Predict
Will Kitselemukong help the animals and people?
So Kitselemukong began to hurl down lightning from the top of the highest mountain. Each time a bolt of lightning struck, one of the Yakwawiak was killed. Finally, only the largest of the terrible monsters remained. He was so large that the other monsters seemed small in comparison. It seemed that nothing could defeat him. Each time a lightning bolt was hurled at him, he knocked it away with his tusks. But this one Yakwawi had been wounded many times, and he was growing weaker. At last he turned and began to run. He ran toward the cold north land, where no trees grow and there is always ice and snow. Some tried to follow him, but Two Hawks Flying called them back.
“No,” he said. “That one is the last of his kind. He will no longer bother us.”
Some say that the Yakwawi is still hiding there to this day. You may hear his awful cry in the howl of the north wind. Sometimes, it is said, a lone hunter may chance upon the Yakwawi in that far northern land.
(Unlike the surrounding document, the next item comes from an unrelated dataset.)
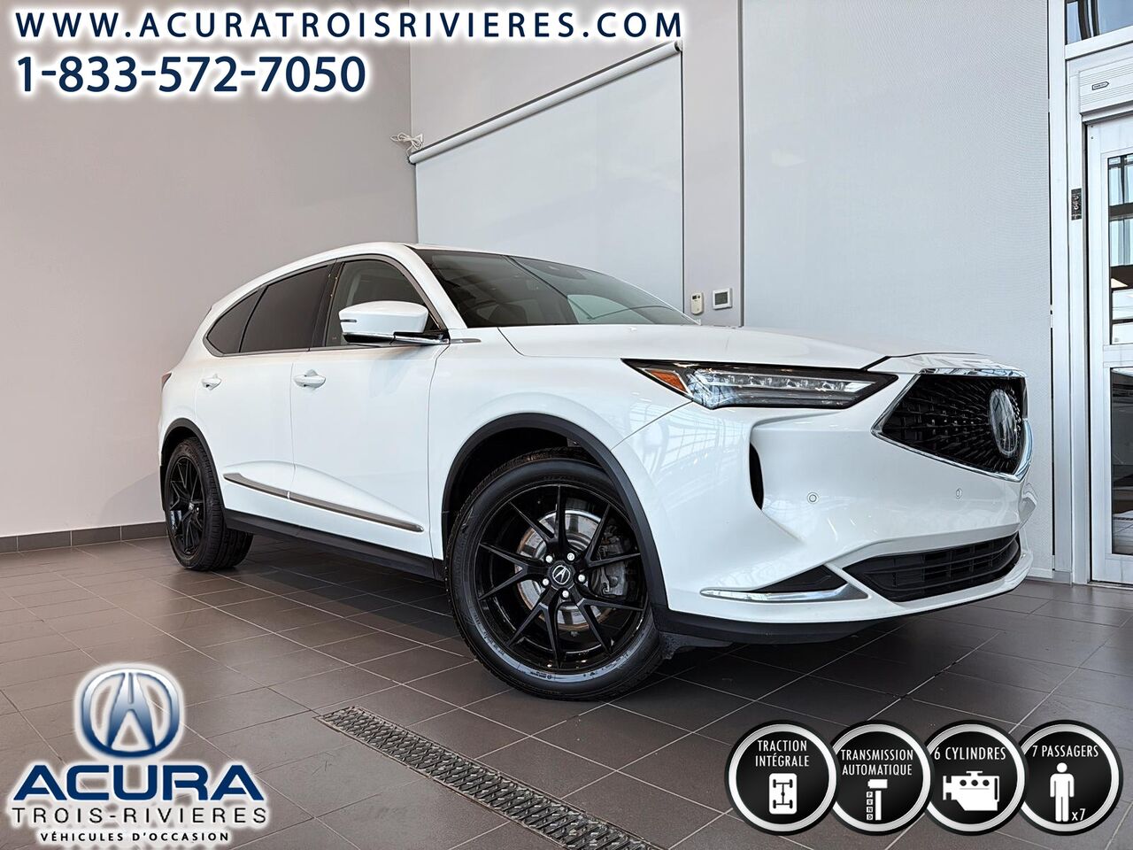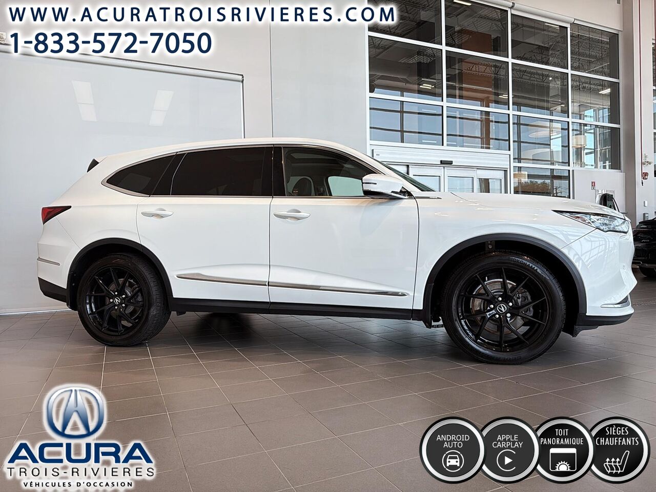 Acura MDX Tech 2022, un véhicule très bien équipé si on le compare à l'équivalent de sa catégorie. En effet, profitez des sièges chauffants à l'avant, et les sièges latéraux arrières sont aussi chauffants, du toit ouvrant panoramique, du volant chauffant, du régulateur de vitesse adaptatif, des systèmes d'info divertissement Apple Carplay et Android Auto, le système de navigation, de la recharge pour téléphone par induction ainsi que de nos quatre aides à la conduite: la détection des angles morts, la détection de déviation de voie, l'atténuation des collisions avants et l'aide au stationnement avant et arrière.

If that hunter has not been a good man, if he has killed animals needlessly and not shared with others, such a hunter never returns to his people.
When we dig into the earth in the places where the battle raged long ago, we find the bones and the giant tusks of the Yakwawiak. Nothing else remains of them in the lands of the Lenape, the human beings.
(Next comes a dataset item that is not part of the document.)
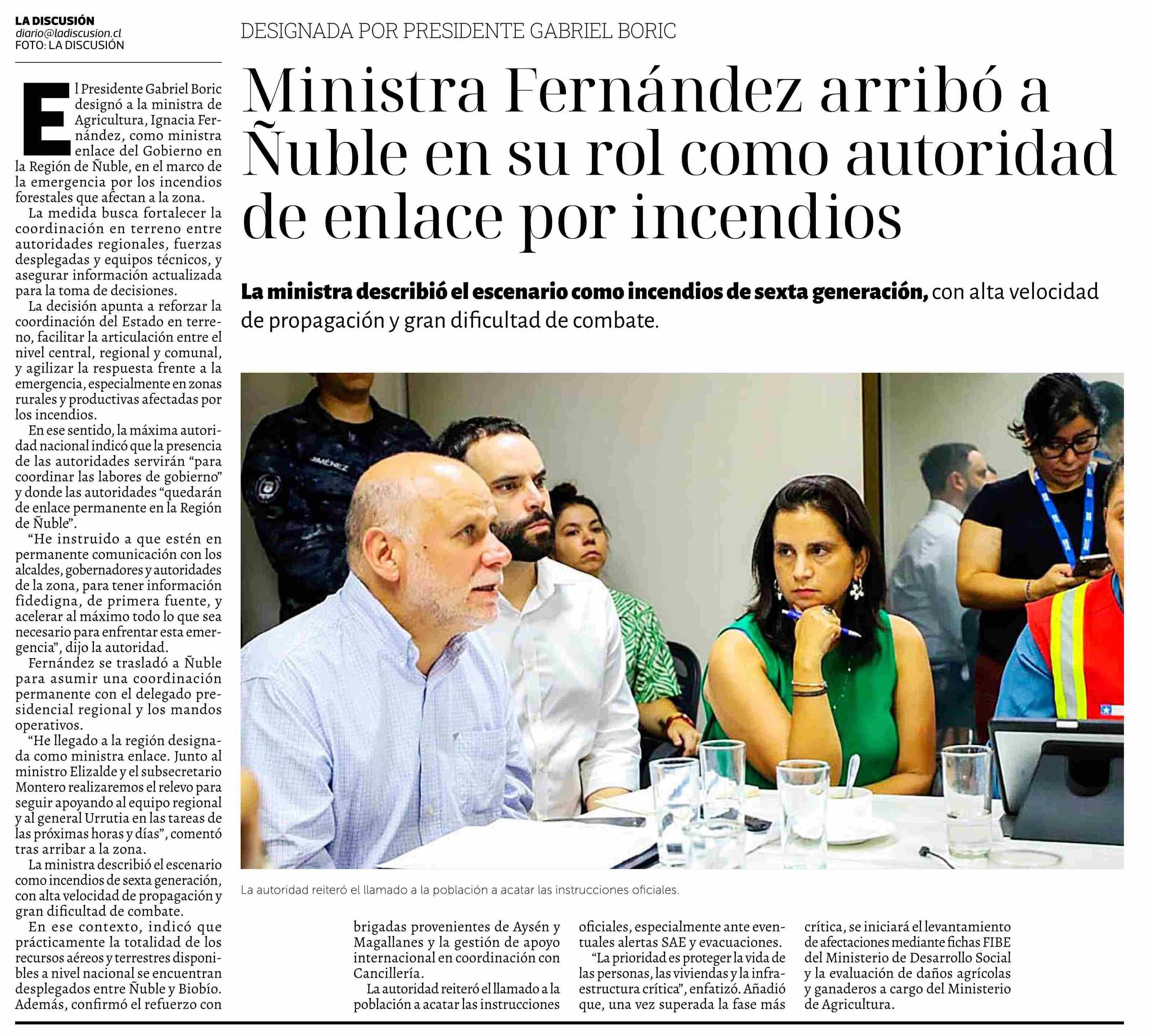 Ministra Fernández arribó a Ñuble en su rol como autoridad de enlace por incendios

But Kitselemukong left one other sign on the earth of that great battle. In the marshlands created by that long ago fight, there where the blood soaked into the earth, Kitselemukong made a new berry grow. Its skin is as red as the blood that was shed. It is the cranberry. When the people see it, they remember the fate of the Yakwawiak, those great creatures who had no respect for the rest of the creation.